─── Entries supplied ───

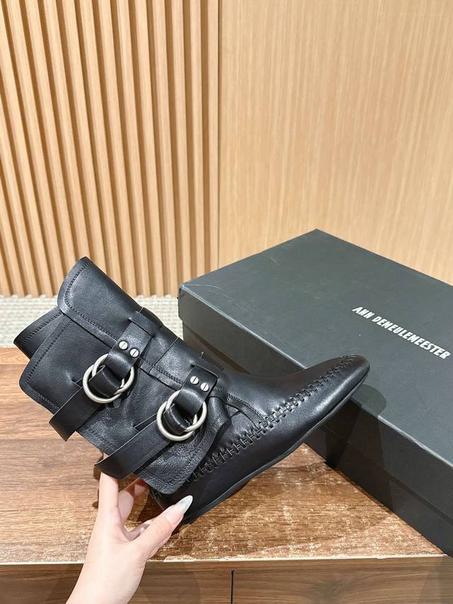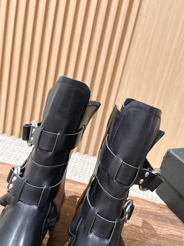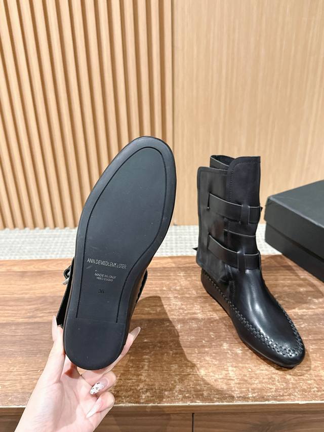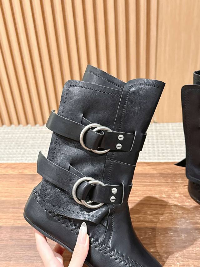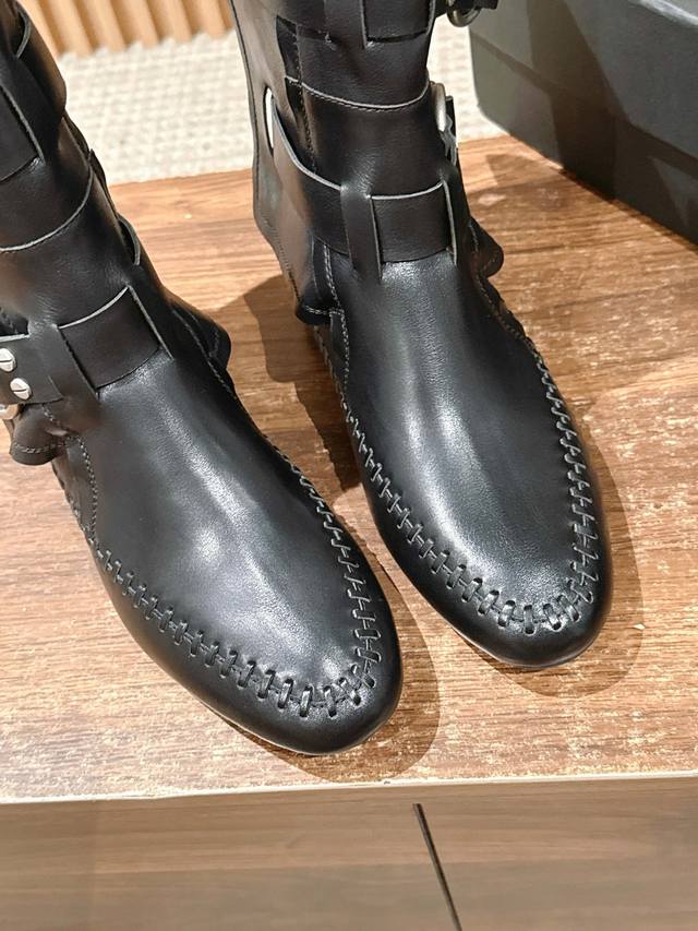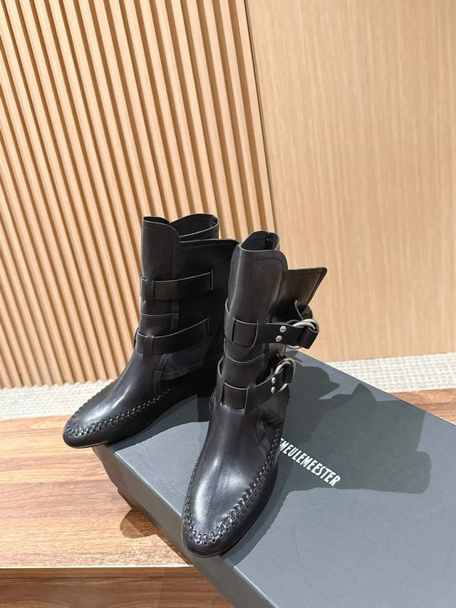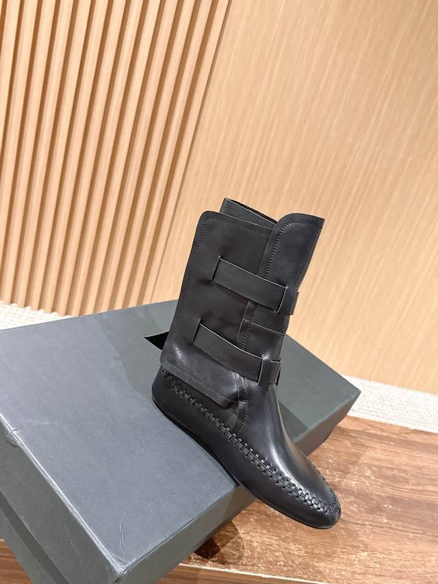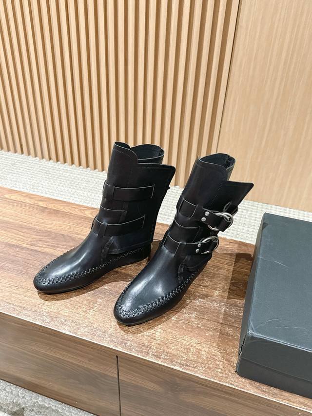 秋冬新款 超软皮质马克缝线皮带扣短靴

───
─── Entries supplied ───

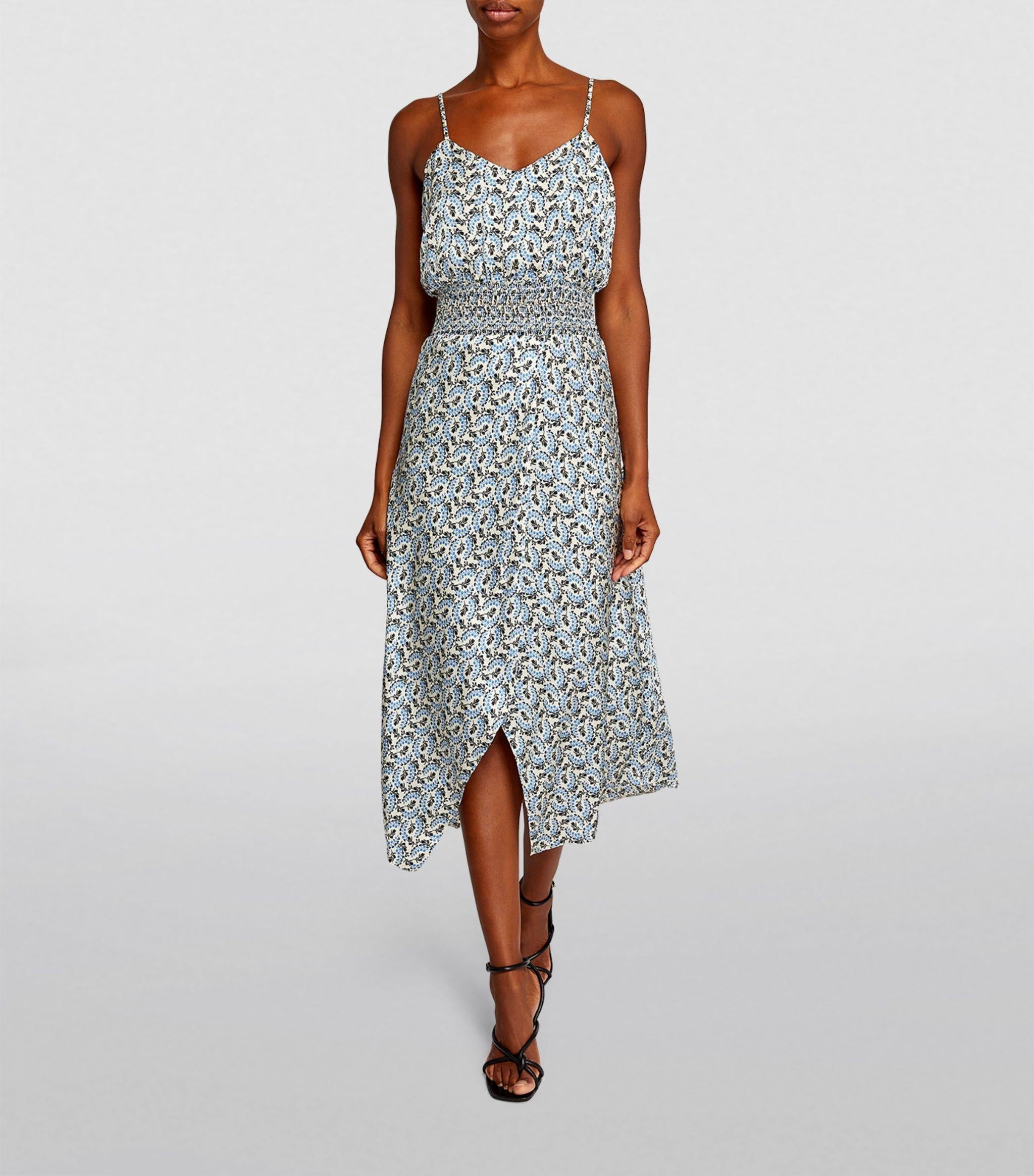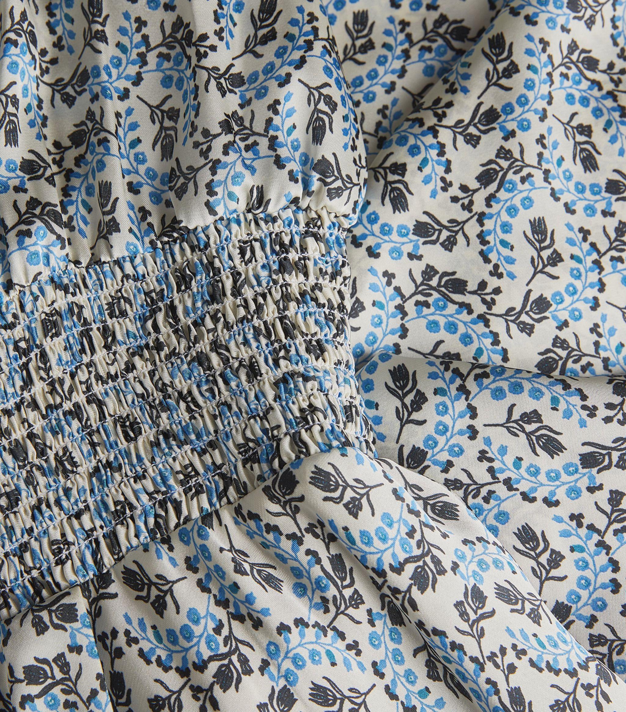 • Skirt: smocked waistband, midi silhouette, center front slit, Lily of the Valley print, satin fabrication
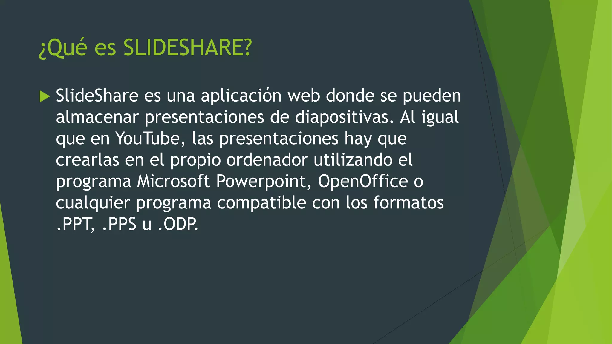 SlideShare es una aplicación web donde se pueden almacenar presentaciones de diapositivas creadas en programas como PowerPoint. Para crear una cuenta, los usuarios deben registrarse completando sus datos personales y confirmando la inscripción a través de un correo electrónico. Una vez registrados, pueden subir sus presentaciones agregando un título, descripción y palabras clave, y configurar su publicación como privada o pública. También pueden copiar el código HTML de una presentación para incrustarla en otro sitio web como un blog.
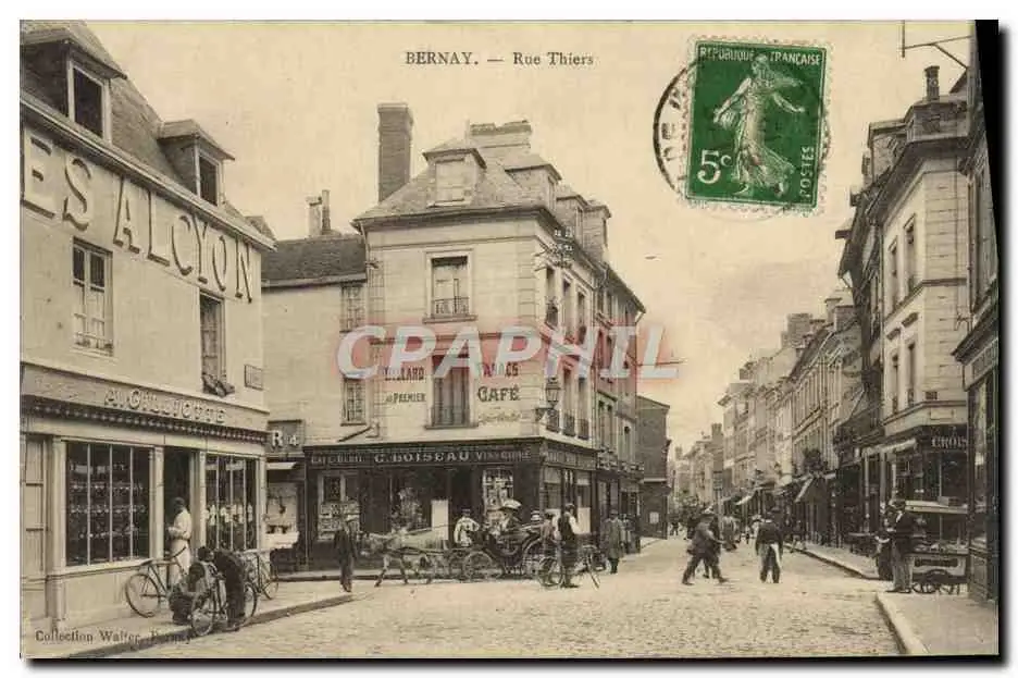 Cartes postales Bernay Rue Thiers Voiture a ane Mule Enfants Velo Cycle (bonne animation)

───

Goal of the exercise »
Going by the entries above, repeat exactly the lines that start at the line with "SlideShare es una" and go on through the line with "Cartes postales Bernay". Pictures are not part of the copy.

Expected answer »
 SlideShare es una aplicación web donde se pueden almacenar presentaciones de diapositivas creadas en programas como PowerPoint. Para crear una cuenta, los usuarios deben registrarse completando sus datos personales y confirmando la inscripción a través de un correo electrónico. Una vez registrados, pueden subir sus presentaciones agregando un título, descripción y palabras clave, y configurar su publicación como privada o pública. También pueden copiar el código HTML de una presentación para incrustarla en otro sitio web como un blog.
 Cartes postales Bernay Rue Thiers Voiture a ane Mule Enfants Velo Cycle (bonne animation)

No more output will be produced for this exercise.